Early in June, just as she was preparing for the summer flitting, she had a bad fall, breaking a rib. This delayed the move for a week, no more, the bone knitting easily. She was soon happy among her green trees, her birds singing around her.

The memories of this last summer come flocking in, themselves like bright birds. She was so well, so joyous, giving her lilies with such full hands; it was a golden time.

As the body failed, the mind--or so it seemed to us--grew ever clearer, the veil that shrouds the spirit ever more transparent. She "saw things hidden."

One day a summer neighbor came, bringing her son, a handsome, athletic fellow, smartly dressed, a fine figure of gilded youth. She looked at him a good deal: presently she said suddenly,--

"You write poetry!"

The lad turned crimson: his mother looked dumfounded. It proved that he had lately written a prize poem, and that literature was the goal of his ambition. Another day she found a philosopher hidden in what seemed to the rest of the family merely "a callow boy in pretty white duck clothes." So she plucked out the heart of each man's mystery, but so tenderly that it was yielded gladly, young and old alike feeling themselves understood.

Among the visitors of this summer none was more welcome than her great-grandson, Christopher Birckhead,[152] then an infant in arms. She loved to hold and watch the child, brooding over him with grave tenderness: it was a beautiful and gracious picture of Past and Future.

[152] Son of Caroline Minturn (Hall) and the Reverend Hugh Birckhead.

Maud had just written a book on Sicily, and, as always, our mother read and corrected the galley proofs. She did this with exquisite care and thoughtfulness, never making her suggestions on the proof itself, but on a separate sheet of paper, with the number of the galley, the phrase, and her suggested emendations. This was her invariable custom: the writer must be perfectly free to retain her own phrase, if she preferred it.

Walking tired her that summer, but she was very faithful about it.

"Zacko," she would command John Elliott, "take me for a walk."

The day before she took to her bed, he remembers that she clung to him more than usual and said,--

"It tires me very much." (This after walking twice round the piazza.)

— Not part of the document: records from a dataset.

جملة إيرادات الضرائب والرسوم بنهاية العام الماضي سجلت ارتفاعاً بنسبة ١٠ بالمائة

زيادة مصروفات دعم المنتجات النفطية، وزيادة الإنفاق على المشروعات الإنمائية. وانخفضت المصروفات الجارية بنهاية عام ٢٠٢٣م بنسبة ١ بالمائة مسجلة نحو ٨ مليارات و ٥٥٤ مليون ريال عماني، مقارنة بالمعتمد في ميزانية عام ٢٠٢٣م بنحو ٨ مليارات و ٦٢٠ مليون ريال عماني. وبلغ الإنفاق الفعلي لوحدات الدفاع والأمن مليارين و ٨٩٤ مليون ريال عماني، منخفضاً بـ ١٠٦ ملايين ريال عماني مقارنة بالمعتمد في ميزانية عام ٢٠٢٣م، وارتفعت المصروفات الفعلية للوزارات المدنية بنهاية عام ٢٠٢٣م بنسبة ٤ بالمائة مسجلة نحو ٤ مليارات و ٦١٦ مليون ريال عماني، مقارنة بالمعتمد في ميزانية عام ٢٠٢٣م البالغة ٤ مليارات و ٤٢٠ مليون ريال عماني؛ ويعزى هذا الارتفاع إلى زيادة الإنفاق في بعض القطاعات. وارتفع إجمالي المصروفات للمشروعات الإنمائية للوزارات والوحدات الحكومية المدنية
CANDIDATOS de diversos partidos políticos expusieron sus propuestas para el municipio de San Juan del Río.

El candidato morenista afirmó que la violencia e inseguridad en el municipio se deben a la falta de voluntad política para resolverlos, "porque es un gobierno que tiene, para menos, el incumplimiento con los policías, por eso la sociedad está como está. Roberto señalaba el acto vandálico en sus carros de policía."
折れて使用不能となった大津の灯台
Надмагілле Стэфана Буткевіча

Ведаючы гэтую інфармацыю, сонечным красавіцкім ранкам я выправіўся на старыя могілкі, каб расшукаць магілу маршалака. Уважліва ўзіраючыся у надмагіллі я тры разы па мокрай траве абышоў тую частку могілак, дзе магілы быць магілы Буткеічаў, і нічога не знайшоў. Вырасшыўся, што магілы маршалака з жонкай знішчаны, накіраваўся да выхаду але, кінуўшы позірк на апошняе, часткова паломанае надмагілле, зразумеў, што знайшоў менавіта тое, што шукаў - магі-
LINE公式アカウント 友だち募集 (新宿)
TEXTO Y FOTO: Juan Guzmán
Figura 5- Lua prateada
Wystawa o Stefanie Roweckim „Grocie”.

"Once more!" he encouraged.

"No--I have walked all I can to-day."

"Let me take you back to your room this way," he said, leading her back by the piazza. "That makes five times each way!"

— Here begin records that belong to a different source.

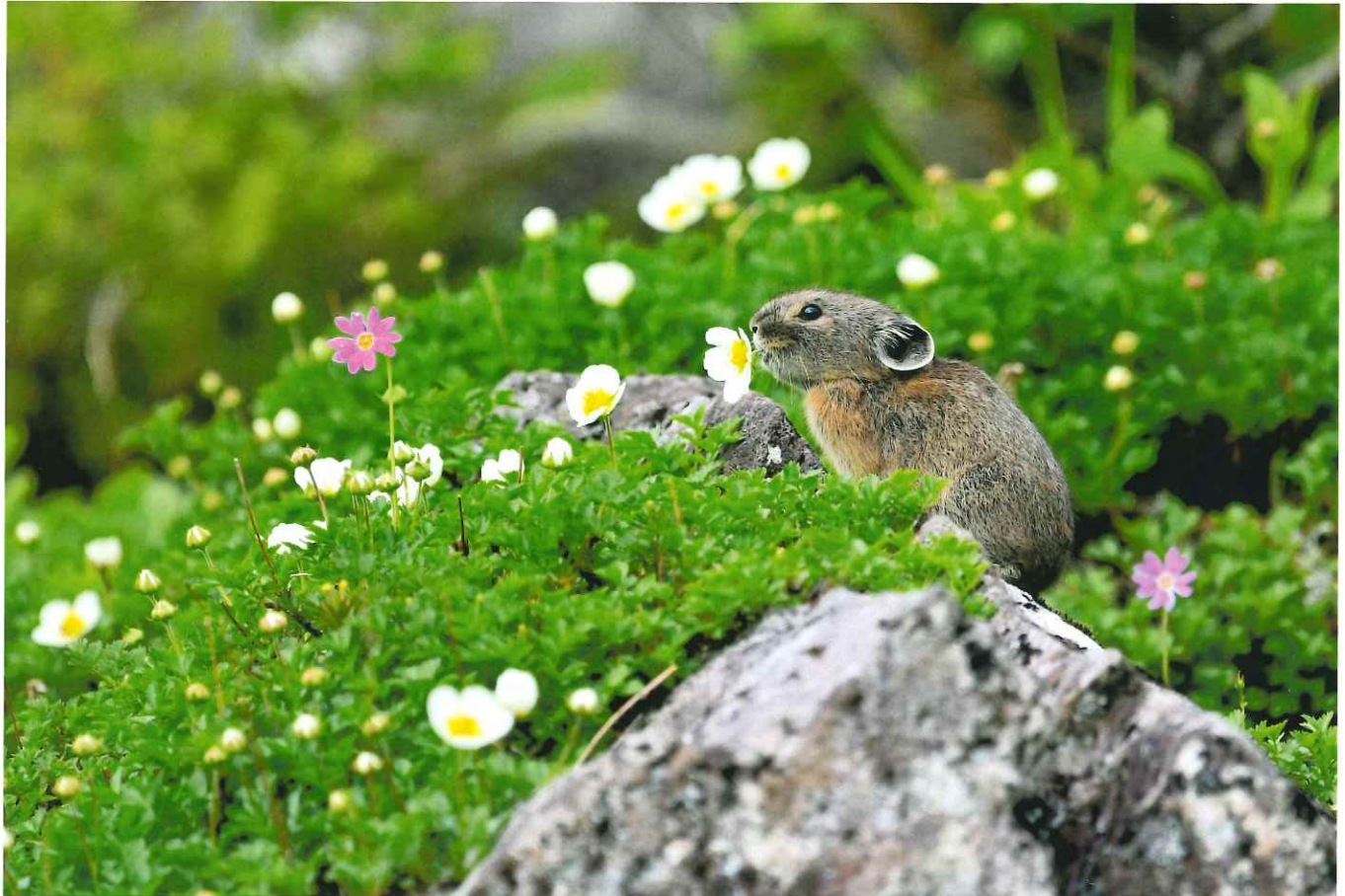
チングルマをくわえるナキウサギ 松実 務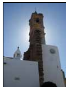
Iglesia San Bartolomé

Medios de locomoción: a pie, silla de ruedas y vehículos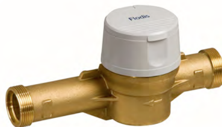
Compteurs Flodis et MSD, certifiés SSIGE et MID

Le partenariat Itron - LaboSafe, qui illustre notre volonté de n'offrir que des prestations de qualité irréprochable, se poursuivra avec le même succès auprès de nombreuses communes et service des eaux de notre pays, grâce à la qualité, la fiabilité et la compétitivité des produits Itron, au travers des réseaux de fidèles clients dans le domaine de l'eau dont bénéficie LaboSafe.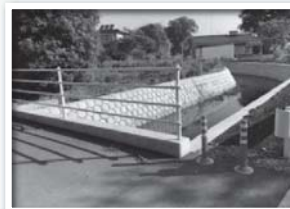
護岸が改修された赤沢川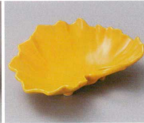
04815-541 黄釉木の葉向付 3,100円 (18×13.5×5.5cm)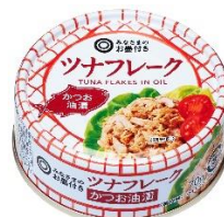
「ツナフレーク かつお油漬」 (70g / 98円)

She laughed and was pleased to have done this, but he thinks she had a great sense of weakness too.

Her favorite piece on the "Victor" that summer was "The Artillerist's Oath." The music had a gallant ring to it, and there was something heroic about the whole thing, something that suggested the Forlorn Hope--how many of them she had led! When nine o'clock came, she would ask for this piece by the nickname she had given it, taken from one of its odd lines,--

"I'll wed thee in the battle's front!"

While the song was being given, she was all alert and alive, even if she may have been sleepy earlier in the evening. She would get up with a little gesture of courage, and take leave of us, always with a certain ceremony, that was like the withdrawing of royalty. The evening was then over, and we too went to bed!

As we gather up our treasures of this last summer, we remember that several things might have prepared us for what was coming, had not our eyes been holden. She spoke a great deal of old times, the figures of her childhood and girlhood being evidently very near to her. She quoted them often; "My grandma used to say--" She spoke as naturally as the boy in the next room might speak of her.

She would not look in the glass; "I don't like to see my old face!" she said. She could not see the beauty that every one else saw. Yet she kept to the very last a certain tender coquetry. She loved her white dresses, and the flowered silk cloak of that last summer. She chose with care the jewels suited to each costume, the topaz cross for the white, the amethysts for the lilac. She had a great dread of old people's being untidy or unprepossessing in appearance, and never grudged the moments spent in adjusting the right cap and lace collar.